После того, как монах перестал говорить, Жильберт хранил молчание. Он казался жестоко подавленным известием, что лишён наследства; его руки неподвижно и слабо упирались на колени, выражая глубокое отчаяние. Он поднял голову очень медленно и уставил глаза на единственного друга, который ему остался в его одиночестве.
– Так я отщепенец, – сказал он, – изгнанный, нищий. ..
– Или монах, – внушал ему, улыбаясь прелат.
– Или искатель приключений, – возразил Жильберт, тоже улыбаясь, но с горечью.
– Большая часть наших предков поступали так, – сказал аббат, – и они собрали этим прекрасные доходы, например, Нормандию, Аквитанию, Гасконию… и Англию. Не дурное наследство для горсти пиратов, полученное в битве против всего света.
– Да, но эта горсть пиратов были нормандцами, – сказал Жильберт, как будто это одно должно объяснить победу над вселенной. – Но свет наполовину побеждён, – заключил он со вздохом.

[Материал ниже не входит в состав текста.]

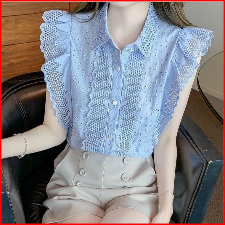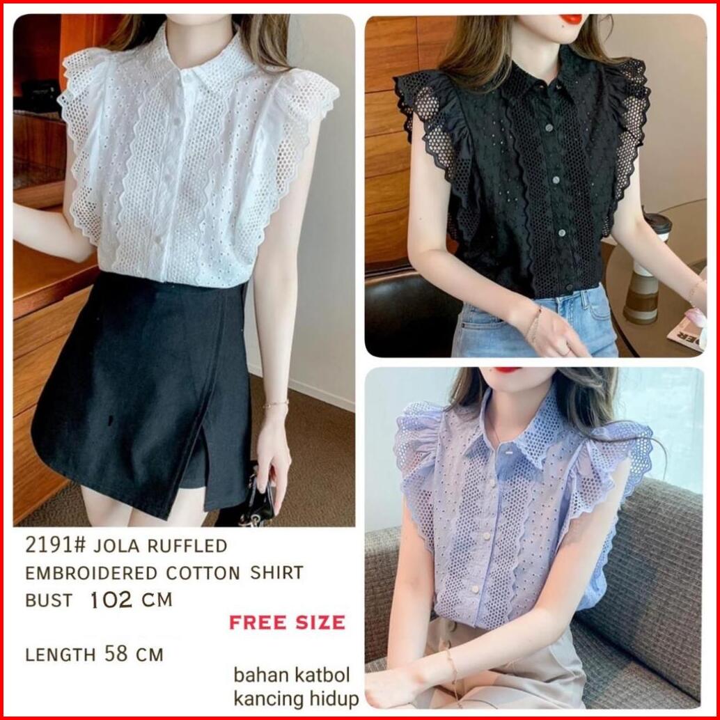 Tm 2191 Blouse Jola Ruffle Embroidered Cotton Shirt Katbol Import

– Ещё осталось довольно для тех, кто сражается, – ответил торжественно аббат. – Святая земля ещё даже и на половину не завоёвана и до тех пор, пока вся Палестина и Сирия будут христианскими королевствами под управлением христианского короля, есть ещё земли для попирания нормандской ногой и мяса для нормандской сабли.

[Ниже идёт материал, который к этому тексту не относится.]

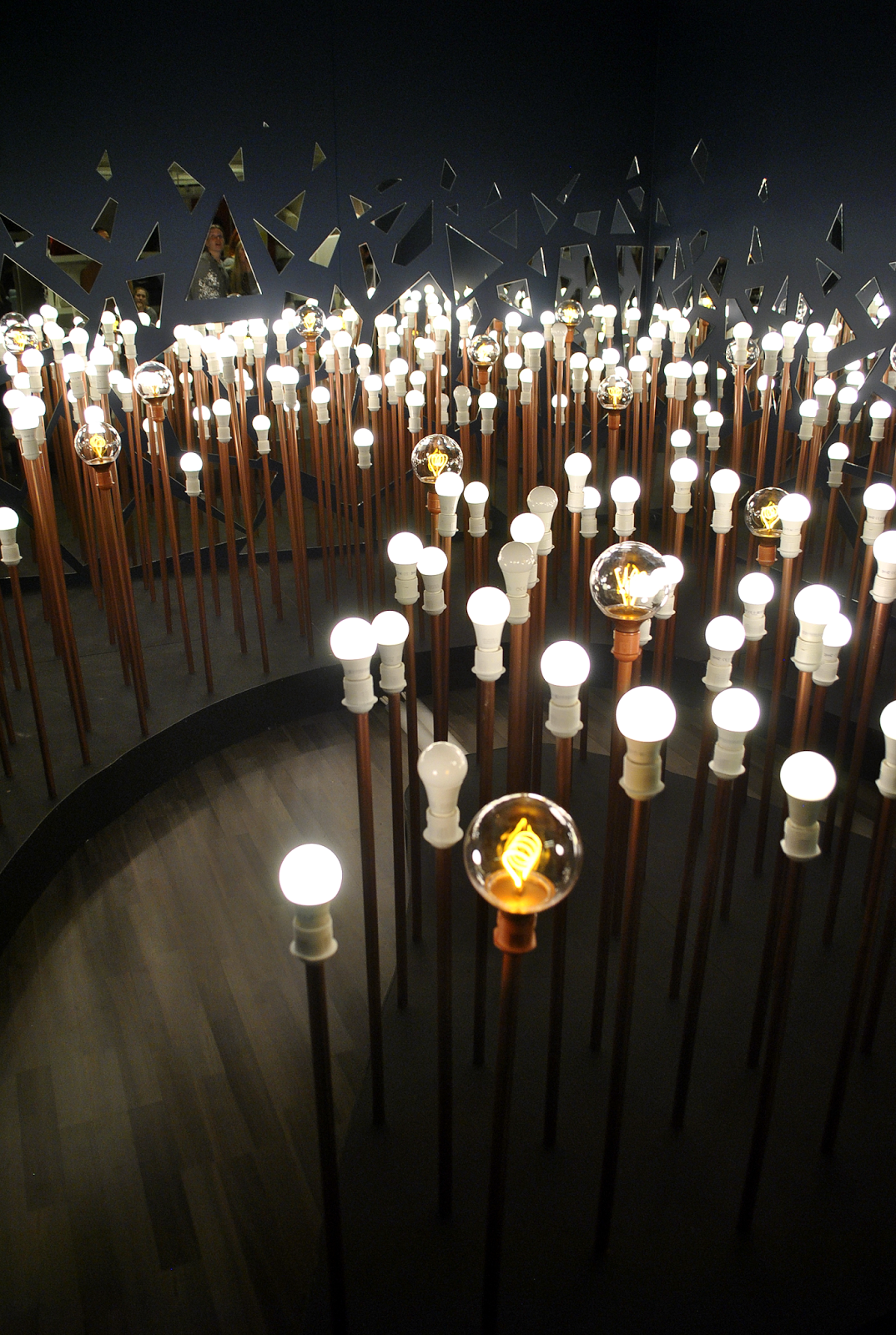 Installaatiossa käytettiin erikokoisia Ledare-polttimoita, sekä Nittio-polttimoita.

Выражение лица Жильберта несколько изменилось, и в его глазах заблестел свет.
– «Святая Земля», Иерусалим!..
Эти слова медленно сошли с его губ, как бы вызывая какое-то сновидение.
– Но времена слишком стары; кто пожелает нынче проповедовать новый крестовый поход?
– Человек, слова которого – бич, сабля и корона… человек, который управляет светом.
– Кто же это? – спросил Жильберт.
– Один француз, – ответил аббат. – Бернард из Клэрво, самый великий человек, самый великий мыслитель, самый великий проповедник и самый великий святой в наше время.
– Я слышал о нем, – ответил Жильберт, с разочарованием больного, думавшего узнать что-нибудь новое. Затем он слабо улыбнулся.
– Если это творец чудес, то он найдёт во мне хорошего субъекта.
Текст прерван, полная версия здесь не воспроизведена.